(Given data)

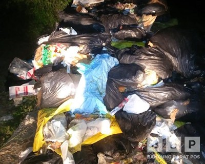 CIKALONG,BBPOS- Akses utama warga Kampung Cileunca, RT 05 RW 10, Desa Tenjolaut, Kecamatan Cikalongwetan, Kabupaten Bandung Barat (KBB), lumpuh total setelah tumpukan kantung plastik berisi limbah medis dibuang di tengah jalan.
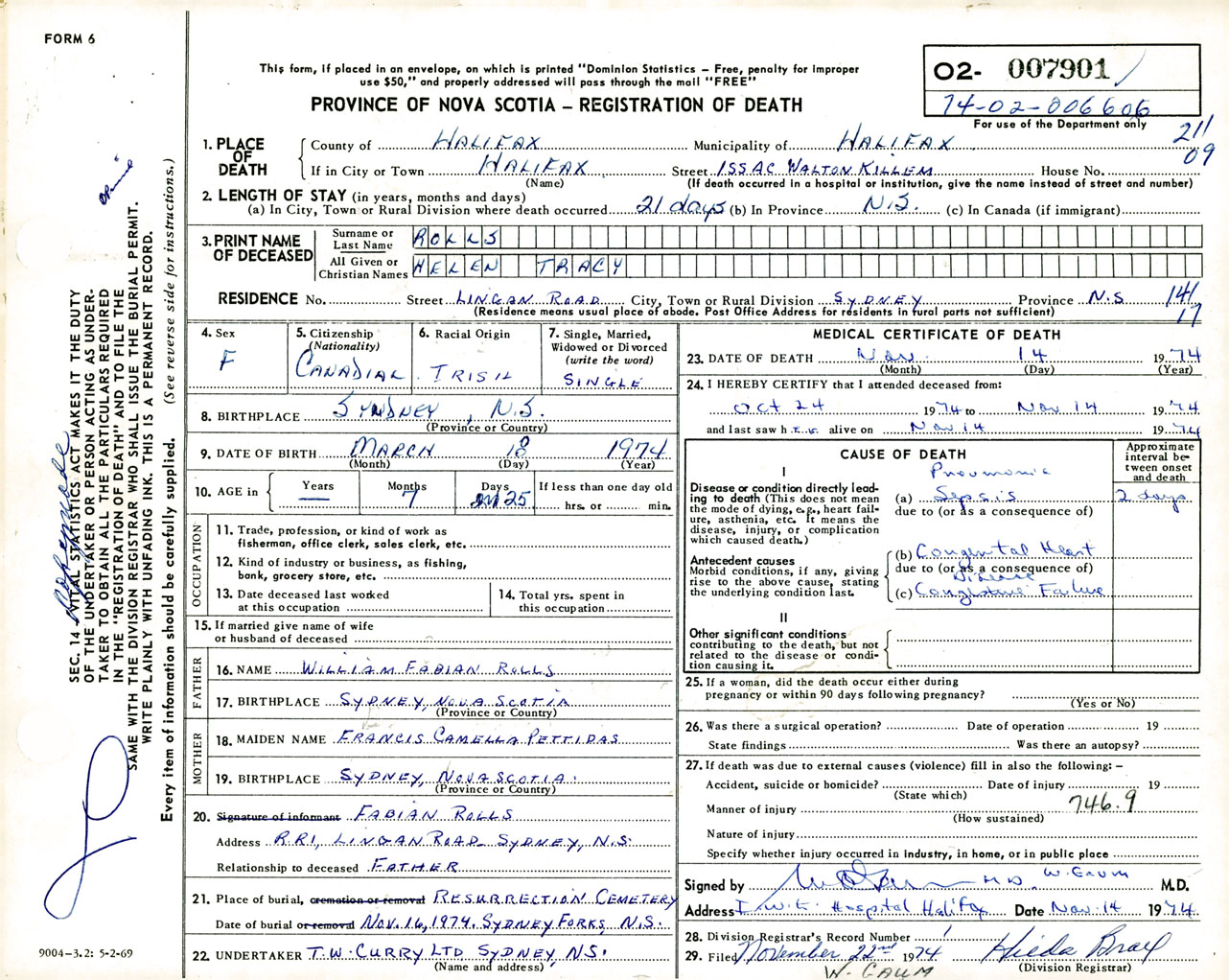 Female Death Registration: Year: 1974 number: 7901
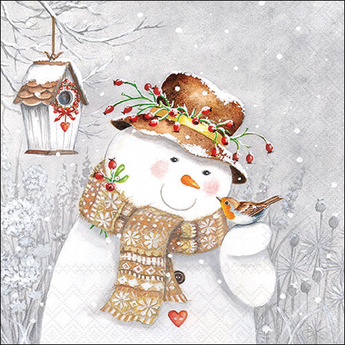 TOVAGLIOLI PUPAZZO DI NEVE CON PETTIROSSO
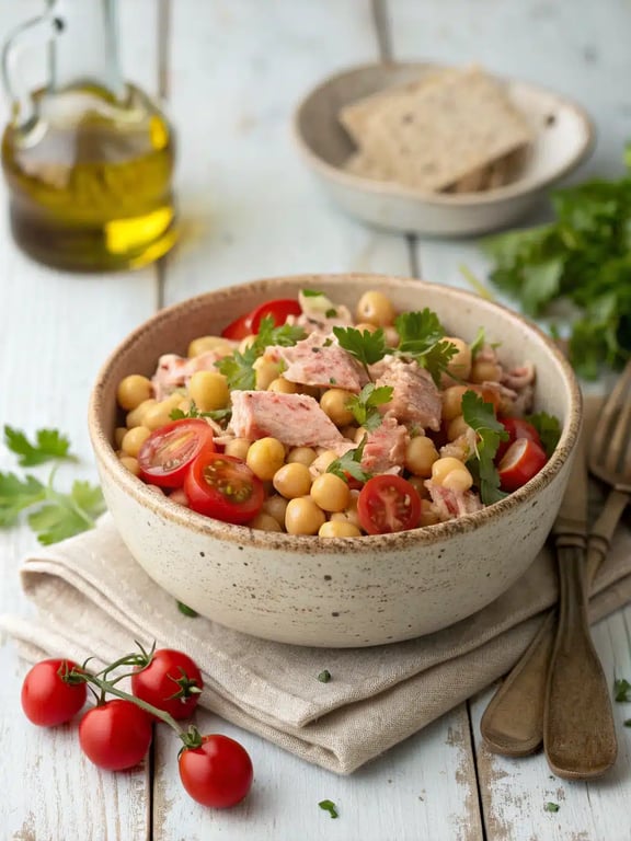 - Flake the drained tuna with a fork directly into the bowl with the chickpeas, ensuring no large clumps remain.
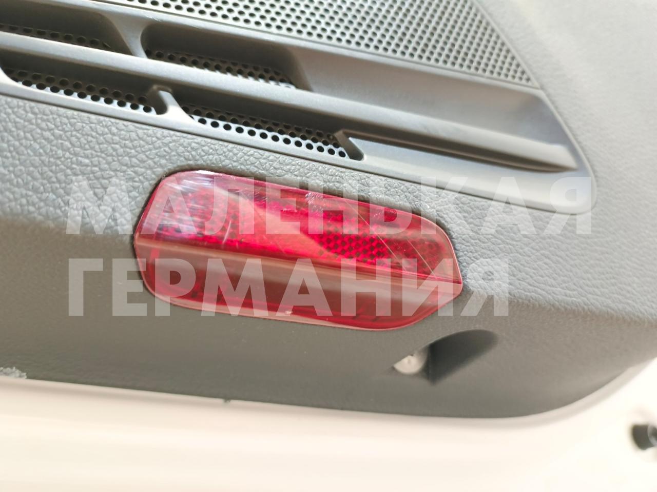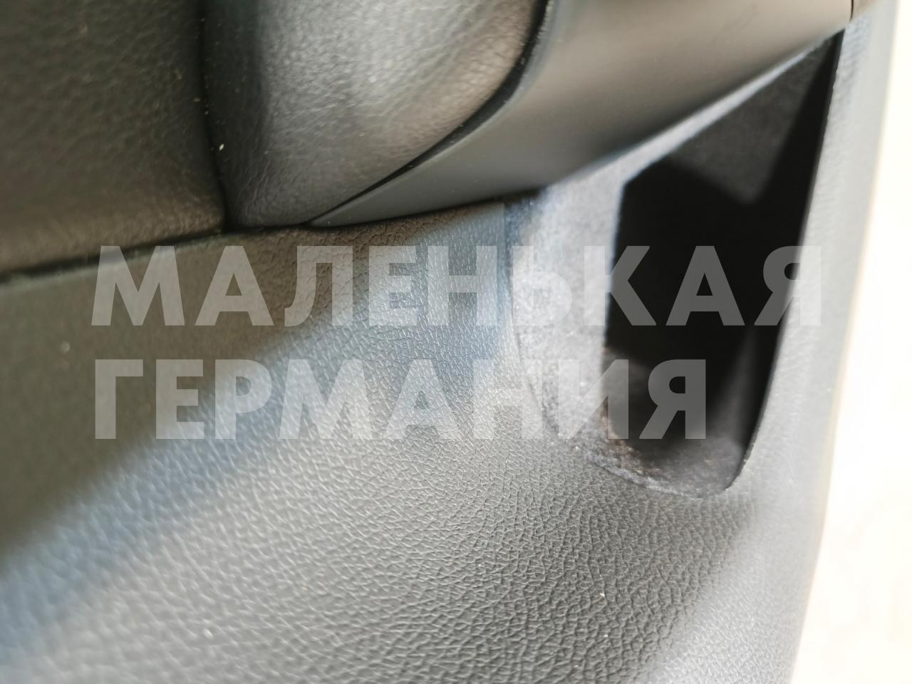 Есть дефект - на передней части двери локальное пятно зернистости. На ручке обшивки двери небольшой порез кожи.
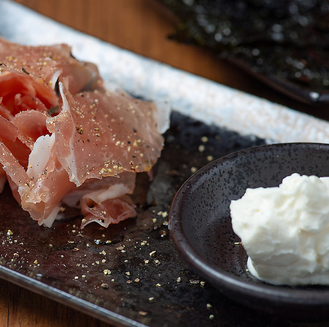生ハムと自家製クリームチーズの相性が抜群!クリームチーズチーズチャンジャも◎
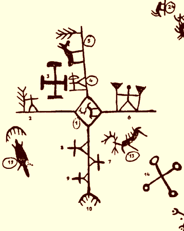 | XVII sajandi algusest pärineva shamaanitrummi keskosa. Kjellström 1991: 112 järgi. Kõrvutamine eelmise illustratsiooniga lubab pidada põdrakujutist päikeseks. Põder vibuküti ees võib väljendada äikesejumaluse ohvrit (vt Mäetagused, nr 9). Trummikujutiste identifitseerimine ja interpreteerimine pole veel lõppenud. |
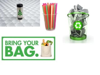 Plastics are synthetic materials made from organic polymers that can be molded and set into rigid or elastic forms. Plastics are used widely but their production and disposal negatively impact the environment and health. In the future, if plastic pollution continues unchecked, people may rely only on plastic for daily needs like drinking, eating, transportation, recreation, and more. The document outlines various ways individuals can reduce plastic use like bringing reusable bags for shopping, refusing plastic straws, and choosing compostable or recyclable items over single-use plastics. Strong action is needed now to curb the plastic problem and protect the environment.
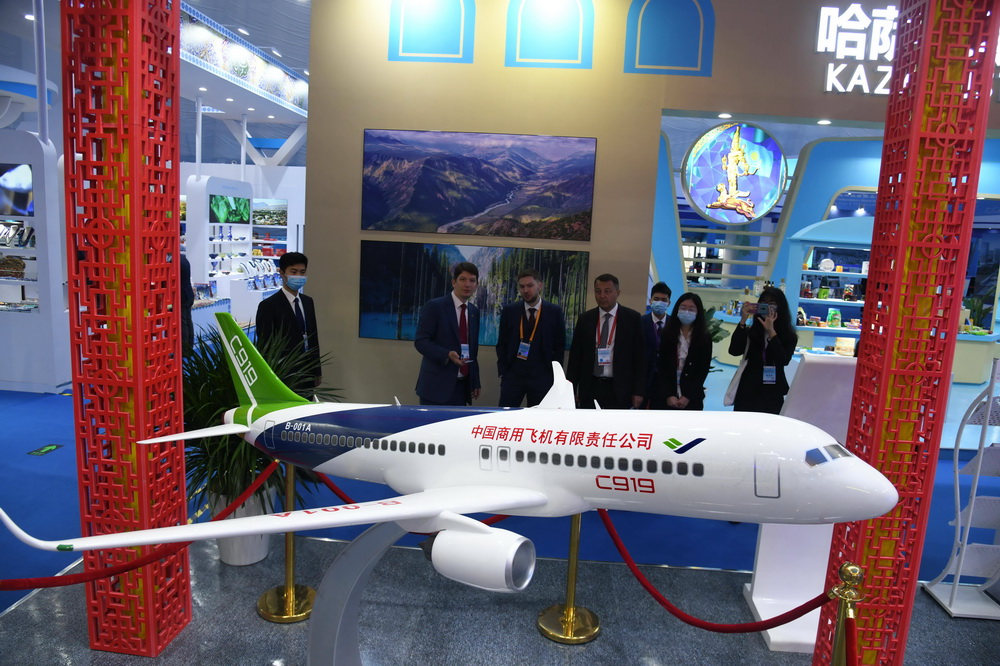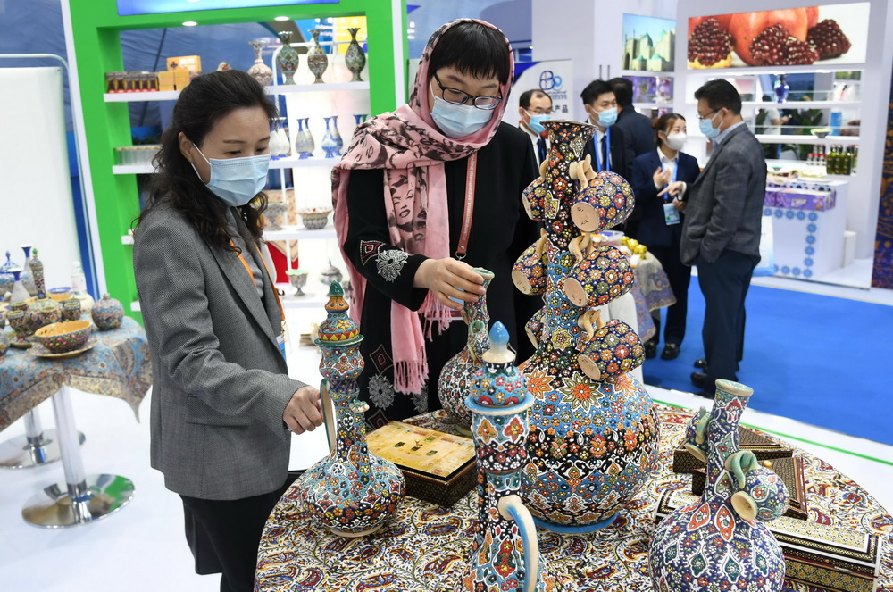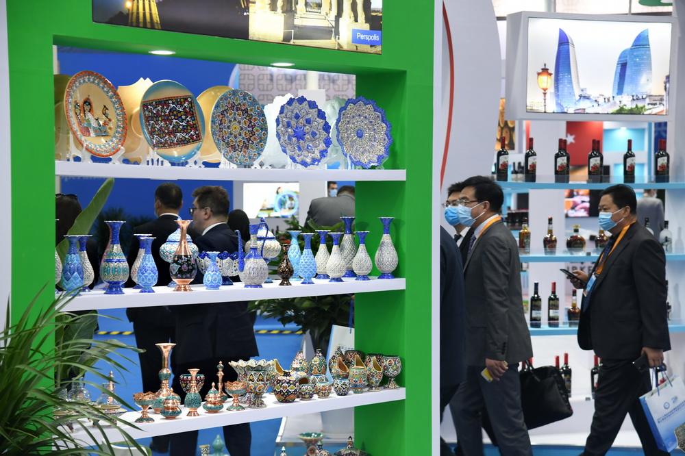 4月26日,为期3天的2021上海合作组织国际投资贸易博览会暨上海合作组织地方经贸合作青岛论坛在青岛开幕。博览会主要包括开幕式、青岛论坛、上海合作组织国家驻华使节推介暨企业投资贸易洽谈会等板块。新华社记者 李紫恒 摄
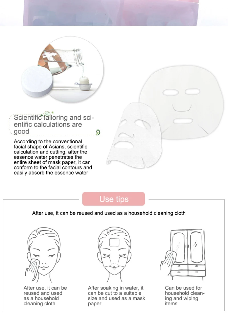 أقنعة الجمال عالية الجودة ، والمعروفة أيضًا باسم قناع القطن غير المنسوج القابل للتصرف عالي الجودة. استخدام المواد الطبيعية النباتية النقية ، بدون مكونات كيميائية ، بيضاء وناعمة ، لا تؤذي الجلد ، ضع المكياج/المزيل ، تنظيف الوجه ، للاستخدام مرة واحدة ، خالية من الحطام ، تطهير نظيف ، شبكة تنظيف معقمة. مع غسول والحليب والعسل ، وخلط الاستخدام المنتظم بالتساوي ، يمكن أن يصل إلى تأثير تبييض مستحضرات التجميل والترطيب.

(End Given data)

Task directions: Every line above is to be reproduced verbatim, and the pictures are to be omitted.

Task response:
 CIKALONG,BBPOS- Akses utama warga Kampung Cileunca, RT 05 RW 10, Desa Tenjolaut, Kecamatan Cikalongwetan, Kabupaten Bandung Barat (KBB), lumpuh total setelah tumpukan kantung plastik berisi limbah medis dibuang di tengah jalan.
 Female Death Registration: Year: 1974 number: 7901
 TOVAGLIOLI PUPAZZO DI NEVE CON PETTIROSSO
 - Flake the drained tuna with a fork directly into the bowl with the chickpeas, ensuring no large clumps remain.
 Есть дефект - на передней части двери локальное пятно зернистости. На ручке обшивки двери небольшой порез кожи.
生ハムと自家製クリームチーズの相性が抜群!クリームチーズチーズチャンジャも◎
 | XVII sajandi algusest pärineva shamaanitrummi keskosa. Kjellström 1991: 112 järgi. Kõrvutamine eelmise illustratsiooniga lubab pidada põdrakujutist päikeseks. Põder vibuküti ees võib väljendada äikesejumaluse ohvrit (vt Mäetagused, nr 9). Trummikujutiste identifitseerimine ja interpreteerimine pole veel lõppenud. |
 Plastics are synthetic materials made from organic polymers that can be molded and set into rigid or elastic forms. Plastics are used widely but their production and disposal negatively impact the environment and health. In the future, if plastic pollution continues unchecked, people may rely only on plastic for daily needs like drinking, eating, transportation, recreation, and more. The document outlines various ways individuals can reduce plastic use like bringing reusable bags for shopping, refusing plastic straws, and choosing compostable or recyclable items over single-use plastics. Strong action is needed now to curb the plastic problem and protect the environment.
 4月26日,为期3天的2021上海合作组织国际投资贸易博览会暨上海合作组织地方经贸合作青岛论坛在青岛开幕。博览会主要包括开幕式、青岛论坛、上海合作组织国家驻华使节推介暨企业投资贸易洽谈会等板块。新华社记者 李紫恒 摄
 أقنعة الجمال عالية الجودة ، والمعروفة أيضًا باسم قناع القطن غير المنسوج القابل للتصرف عالي الجودة. استخدام المواد الطبيعية النباتية النقية ، بدون مكونات كيميائية ، بيضاء وناعمة ، لا تؤذي الجلد ، ضع المكياج/المزيل ، تنظيف الوجه ، للاستخدام مرة واحدة ، خالية من الحطام ، تطهير نظيف ، شبكة تنظيف معقمة. مع غسول والحليب والعسل ، وخلط الاستخدام المنتظم بالتساوي ، يمكن أن يصل إلى تأثير تبييض مستحضرات التجميل والترطيب.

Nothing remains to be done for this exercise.